- Country: Mongolia
- Location: Aldarkhaan, Zavkhan
- Coordinates: 47°35′53.4″N 96°28′38.4″E﻿ / ﻿47.598167°N 96.477333°E
- Status: Operational
- Construction began: 2021
- Commission date: 2023
- Construction cost: US$7.95 million

Power generation
- Nameplate capacity: 5 MW
- Annual net output: 8.8 GWh

= Borkh Solar Power Plant =

Photovoltaic power plant in Aldarkhaan, Zavkhan, Mongolia

The Borkh Solar Power Plant is a photovoltaic power station in Aldarkhaan District, Zavkhan Province, Mongolia.

==History==
The project was approved in September 2018. The construction of the power plant began in 2021 and completed in 2022. It was then commissioned in 2023.

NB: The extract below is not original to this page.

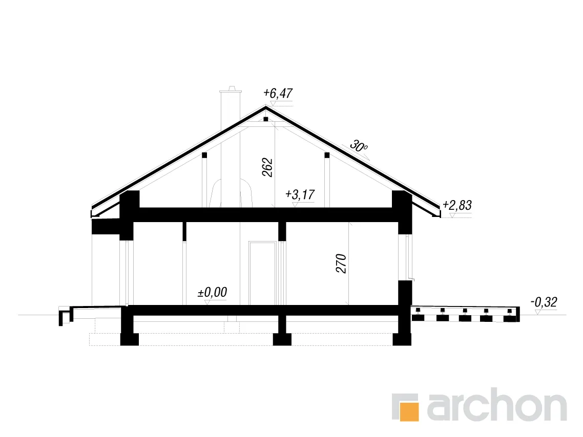 - Разрезы со всеми размерами (высоты этажей, кровли и др.)

==Technical specifications==
The power plant has an installed generation capacity of 5 MW. It was constructed with a battery energy storage system named Tsengeg with a capacity of 3.6 MW. Annually, the power plant produces 8.8 GWh of electricity to the central grid of Mongolia.

==Finance==
The power plant was constructed with a cost of US$7.95 millions. It was financed by the Asian Development Bank.